Overcome the Fork in the Road to Automation

The decision that will shape the future of your distribution center


All roads lead to automation. At least that is one way to interpret the results of a 2012 Crown Equipment survey that asked more than 300 material handling professionals to identify the biggest challenges facing their organizations in the next five years. Of those challenges, more than 70 percent named reducing costs, followed by implementing new technology (35 percent), finding qualified labor (33 percent) and speeding product movement (22 percent).

Notice the theme? Each of the major challenges identified is related to automation. The question is not if automation will be adopted in the distribution center—but when and how. With all the attention automation currently gets, many supply chain professionals wonder if the answer to when is now.

Although warehouse automation has a number of components, for the purposes of this article I’ll focus on the automation of pallet-based processes, or forklift automation. This is an area that can have a major impact—either positive or negative—on warehouse operations. The decisions made on this technology can literally shape the future of your distribution centers. First, let’s look at the current state of the technology.

AGVs for the warehouse

Automatic guided vehicles (AGVs) have been used successfully in manufacturing but have yet to gain a significant foothold in warehousing and distribution. In 2011, they represented less than one percent of total forklift sales. Advances in technology, such as faster microprocessors and improved sensors, drive increased interest but adoption is not progressing as fast as many expected. Everyone is talking about automated vehicles, but few are actually using them. Why?

In manufacturing, AGVs typically transport materials from one manufacturing station to the next or from an assembly line to shipping, moving back and forth over the same well-defined path with no need to navigate around other vehicles. The tasks performed are predictable and repeatable and AGVs handle them well.

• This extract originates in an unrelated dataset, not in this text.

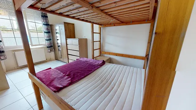 L'aménagement de la chambre 2 au RDC comporte un lit double ainsi qu'un espace mezzanine, un bureau, un placard et une commode de rangement.

While some tasks in warehousing and distribution are similar to those which AGVs perform in manufacturing—such as moving full pallets to shipping—in general the processes that forklifts must support in warehousing are more complex and workloads are less predictable. Forklifts need to be able to go anywhere in the warehouse, often traveling to multiple locations to fulfill a single order while navigating around other vehicles and workers in the process.

This complexity mandates a much higher degree of vehicle intelligence and the use of more sophisticated guidance technology than AGVs in manufacturing employ. It also requires greater flexibility. A vehicle that can only travel one speed over a single path becomes a bottleneck during periods where workloads change significantly.

As a result, a new type of vehicle emerged that is distinguished by its ability to operate in both automatic and manual modes. This provides warehouse personnel with the ability to adapt to changes in processes or workloads by shifting vehicles from automatic to manual mode or vice-versa. Currently, these “dual-mode” vehicles are produced by retrofitting manual forklifts with automation technology. This represents an interim phase in the technology that will eventually be displaced by forklifts designed specifically for warehouse automation.

Moving toward an automated future

Based on current technology, it isn’t hard to envision a future in which automated vehicles handle the base workload of the warehouse, supplemented by operator-driven, dual-mode vehicles during peak periods or handling special tasks. In this future state, the two types of vehicles navigate around each other to perform the necessary tasks as efficiently as possible. Costs go down, warehouse workers are more productive and products move faster through the supply chain. But that vision is still in the future and attempting to achieve it with the current generation of technology can create issues that ultimately delay the realization of the long-term benefits.